Number two: Don't talk about your metaphors. First of all, the little lost girl was obvious. Embarrassingly so. Seriously? You don't want to be calling more attention to it and acting like it was a stroke of writerly genius. It's hack, Shonda. The thing is -- we don't care. We can overlook it as long as Addison keeps dreaming about Karev -- especially when she's boffing McSteamy! THAT is your money-shot, Shonda. Don't shy away from it. Don't make the mistake of suddenly thinking you're fucking Balzac and writing "Lost Illusions" just because 30 million people watch your show. We're watching it for the soft-core fucking. Seriously.
Number three: Don't tell people how you lay on the carpet and worry you can't write. Because although you'll trick the 13-year-olds into sympathizing with you and thinking it's so cool how you suffer for your art and all, there are even more frustrated 30-somethings out there watching the show for the sex scenes and to see just how beautiful Sandra Oh's hair looks and who get a little miffed when you try to flex your writerly muscles in the first place and foist this overblown shit episode on us. And then there are even nastier, not-very-successful, jellus h8er writers who know just how you've hit the goldmine and we don't want to hear a single word of your deep explanations regarding the utterly trite shit you write. And we'll call you out about it.

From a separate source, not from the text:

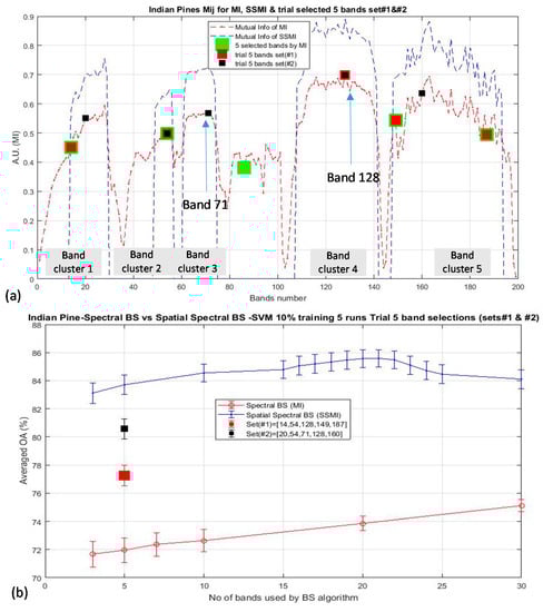 According to the results presented in the last section, it is clear that the elimination of the non-discriminative bands are essentially important for enhancing the classification accuracy. It is also observed that not only the elimination of counter-productive bands is critical, the method for the selection from the ensemble of informative bands is also important, too. As an example, Figure 11a plots three trials of band selections schemes (for 5 bands) for the classification of the Indian Pine data, and the corresponding effects of the selections of these bands to the OA are shown in Figure 11b. The square marker dictates where the bands are taken from: the green, red, and black square markers which represent the bands that have been selected by the MI (i.e., the spectral BS scheme), the bands as according to the trial set (#1) and the trial set (#2), respectively. The trial sets #1 and #2 are two manually modified band sets with an objective to monitor the effects of replacing or omitting particular bands to the OA when the classification is performed by using these trial sets of bands. As discussed in Section 3, the bands that are selected by the MI BS scheme (depicted by green markers in Figure 11a) have the lowest OA (at 72% for the selection of 5 bands), which is due mainly to the selection of band 86, which has the lower I(A,B) than the other 5 main band clusters. The inclusion of band 128 in set (#1) (red square marker) increases the OA by approximately 7% w.r.t. that using the selected bands by the MI BS scheme. Furthermore, the inclusion of the band 71 in set (#2) (black square marker) increases the OA by approximately 12.5% over that of the MI BS result. This is surprised to observe the significant influence of the OA as much as >10% by the inclusion or missing out of a single band. Thus, these data further support the result of the previous section that more work is needed to study how the efficiency of the band selection scheme can be optimized.

Number four: We get it. You think Meredith is dark and twisty. Now you need to get it: We'll tolerate you thinking that and we'll tolerate all her scenes were she talks about it. But she's dark and twisty the way a slinky is. It's twisty alright. And the metal color is dark. But it's still a whimsical little toy. Now matter how badly you want Meredith to be your Hamlet, she's still Cinderella. Okay? She's wispy and lispy and adorable and sunny. Get over it. You don't write "Six Feet Under," Shonda. Meredith is not Brenda. You really want to see dark and twisty? Check out Atia from Rome sometime. She'd eat Meredith's angst and grief for breakfast and not even shed a drop of Ox blood to cleanse herself of it.

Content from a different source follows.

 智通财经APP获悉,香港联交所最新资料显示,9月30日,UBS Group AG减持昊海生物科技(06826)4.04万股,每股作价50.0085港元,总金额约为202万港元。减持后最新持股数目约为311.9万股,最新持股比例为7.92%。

In summation: Get the fuck over yourself. The show is riding a wave of success and a rash of free publicity. Please don't get all self-important-twat on us and start fucking with the format and thinking you can write some heavy shit. Maybe you feel compelled to prove you've got some serious drama chops. But this is a medical show, and it's been so successful because it seemed like you knew the oldest adage in the book: A spoonful of sugar helps the medicine go down. We'll take our medicine from you, Shonda. But only because there's so much wonderful sugar surrounding it. Sugar like Addison/Alex sex. Seriously.